• YOUR ASSIGNMENT
Among the entries below, only the lines from the one with "zasadzie o obróbce" through the one with "据了解,浙江累计登记数据知识" are to be retyped, exactly and without pictures.

• PROVIDED RECORDS

+---+

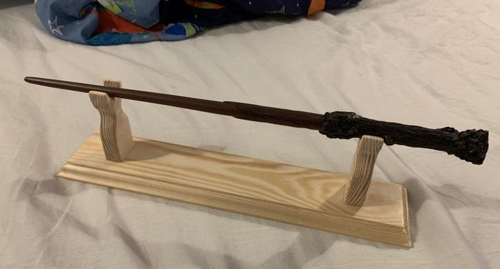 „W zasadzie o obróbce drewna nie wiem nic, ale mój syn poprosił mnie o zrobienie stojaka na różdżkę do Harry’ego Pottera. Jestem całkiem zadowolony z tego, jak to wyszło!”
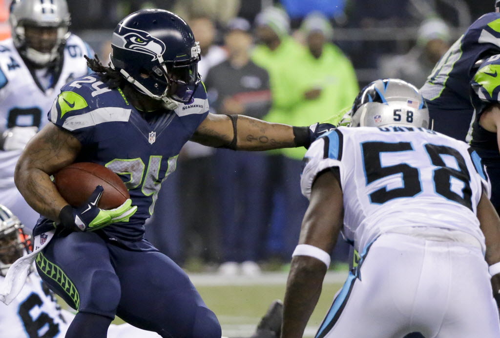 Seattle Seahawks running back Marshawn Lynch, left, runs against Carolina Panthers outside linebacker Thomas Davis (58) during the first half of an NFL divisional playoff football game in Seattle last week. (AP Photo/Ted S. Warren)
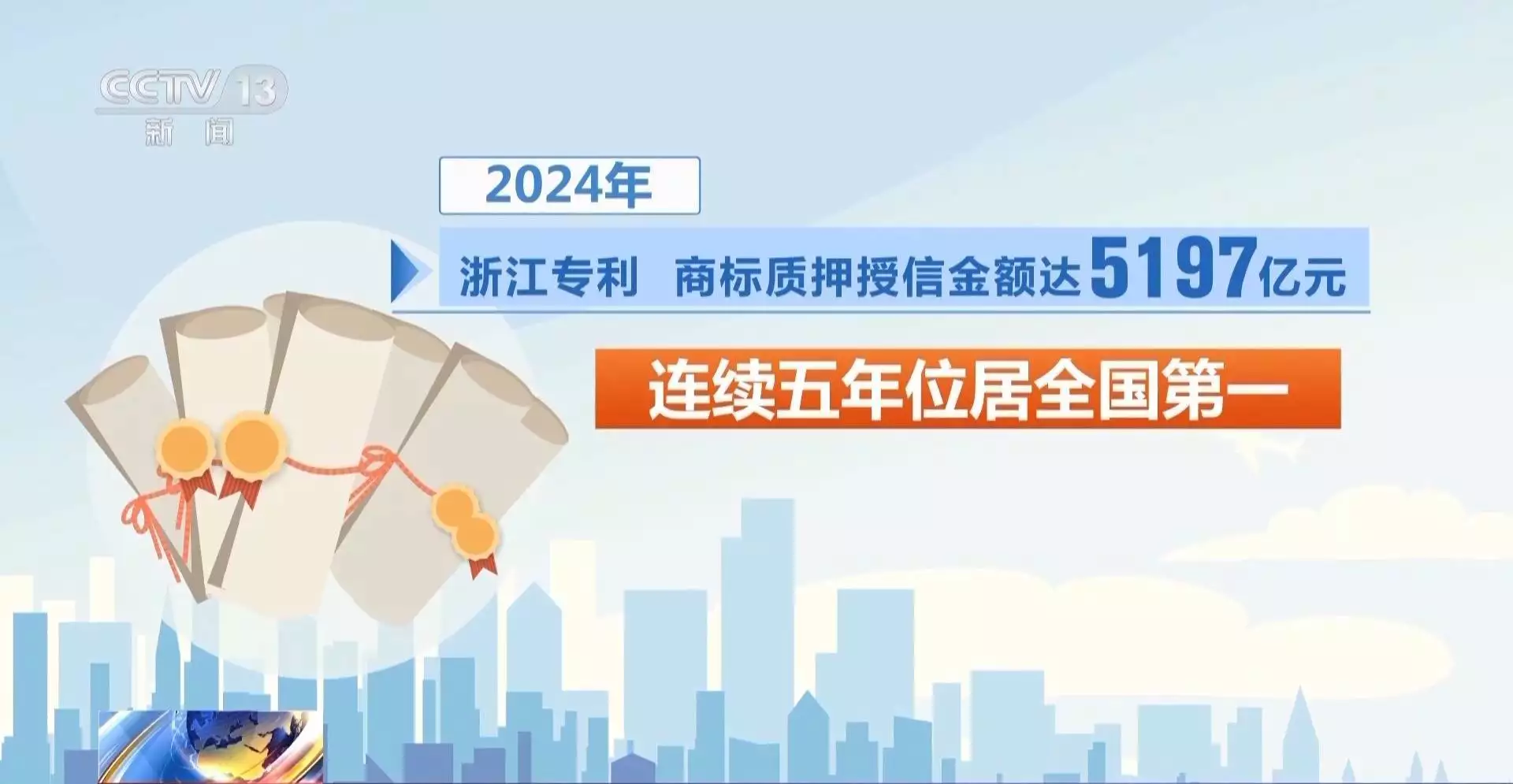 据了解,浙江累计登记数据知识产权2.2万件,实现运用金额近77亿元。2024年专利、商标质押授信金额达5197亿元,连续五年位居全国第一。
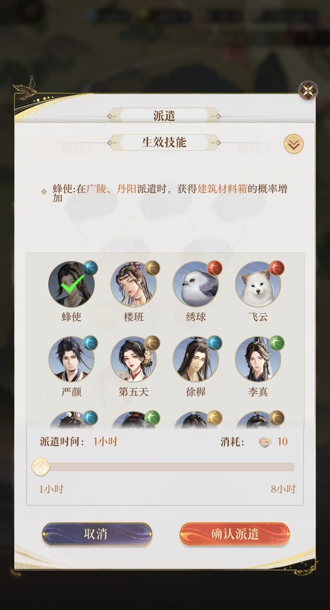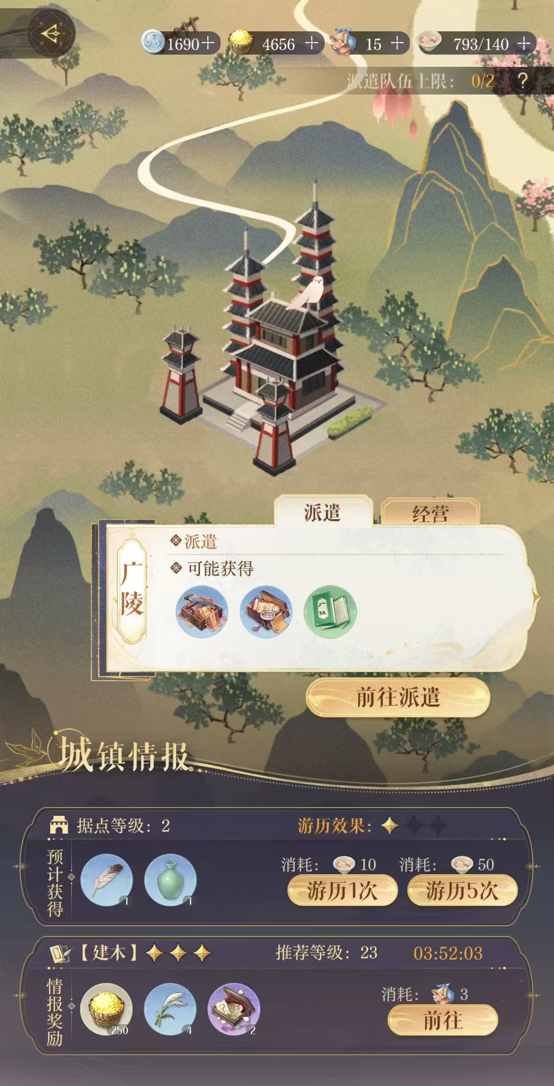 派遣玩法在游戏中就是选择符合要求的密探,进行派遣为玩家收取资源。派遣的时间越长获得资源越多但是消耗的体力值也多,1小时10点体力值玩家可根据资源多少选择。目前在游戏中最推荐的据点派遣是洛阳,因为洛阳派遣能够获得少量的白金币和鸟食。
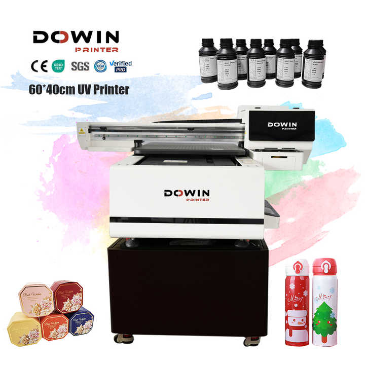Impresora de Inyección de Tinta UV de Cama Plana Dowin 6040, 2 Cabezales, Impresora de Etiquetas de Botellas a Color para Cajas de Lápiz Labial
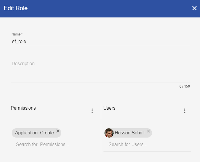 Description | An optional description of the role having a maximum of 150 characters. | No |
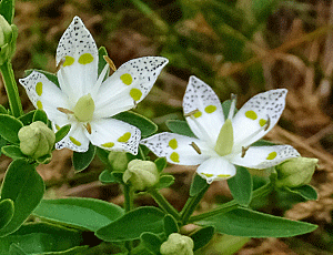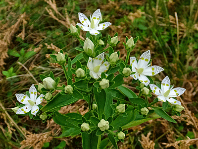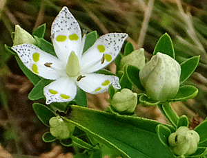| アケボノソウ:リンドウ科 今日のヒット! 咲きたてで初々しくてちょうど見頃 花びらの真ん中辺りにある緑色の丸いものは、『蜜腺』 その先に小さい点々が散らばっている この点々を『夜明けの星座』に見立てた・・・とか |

+---+

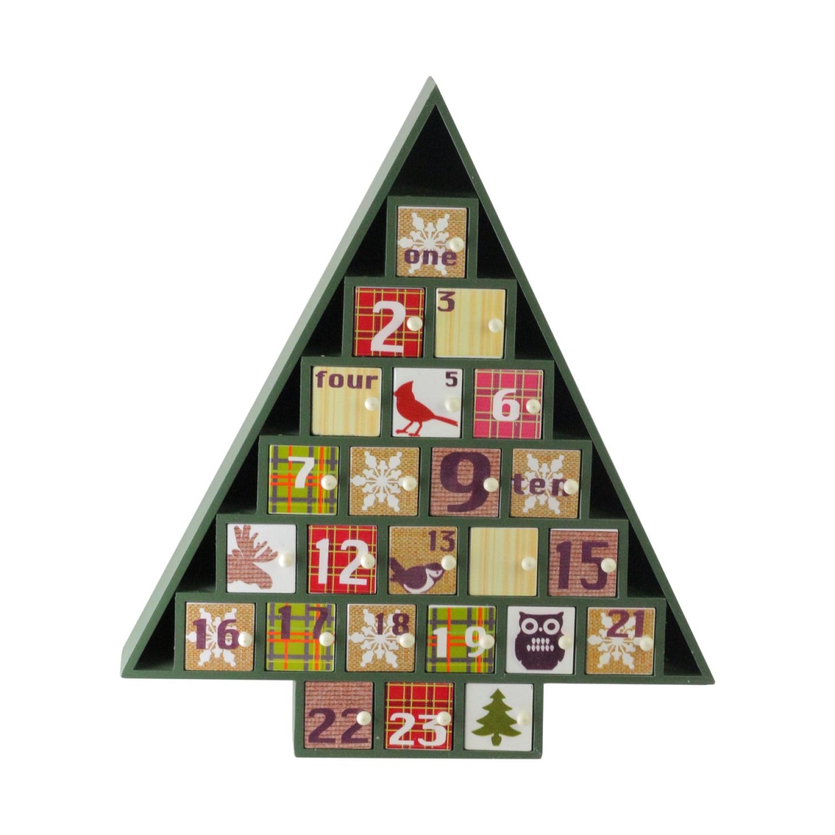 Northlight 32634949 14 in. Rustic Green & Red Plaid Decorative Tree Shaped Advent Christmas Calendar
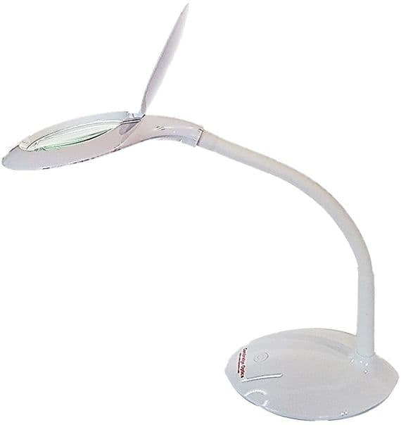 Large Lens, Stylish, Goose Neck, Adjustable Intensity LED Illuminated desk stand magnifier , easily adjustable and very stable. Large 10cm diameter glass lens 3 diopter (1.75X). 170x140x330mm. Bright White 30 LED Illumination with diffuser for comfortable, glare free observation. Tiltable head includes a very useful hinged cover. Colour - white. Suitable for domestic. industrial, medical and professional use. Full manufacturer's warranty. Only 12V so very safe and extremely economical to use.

+---+

• SOLUTION
 „W zasadzie o obróbce drewna nie wiem nic, ale mój syn poprosił mnie o zrobienie stojaka na różdżkę do Harry’ego Pottera. Jestem całkiem zadowolony z tego, jak to wyszło!”
 Seattle Seahawks running back Marshawn Lynch, left, runs against Carolina Panthers outside linebacker Thomas Davis (58) during the first half of an NFL divisional playoff football game in Seattle last week. (AP Photo/Ted S. Warren)
 据了解,浙江累计登记数据知识产权2.2万件,实现运用金额近77亿元。2024年专利、商标质押授信金额达5197亿元,连续五年位居全国第一。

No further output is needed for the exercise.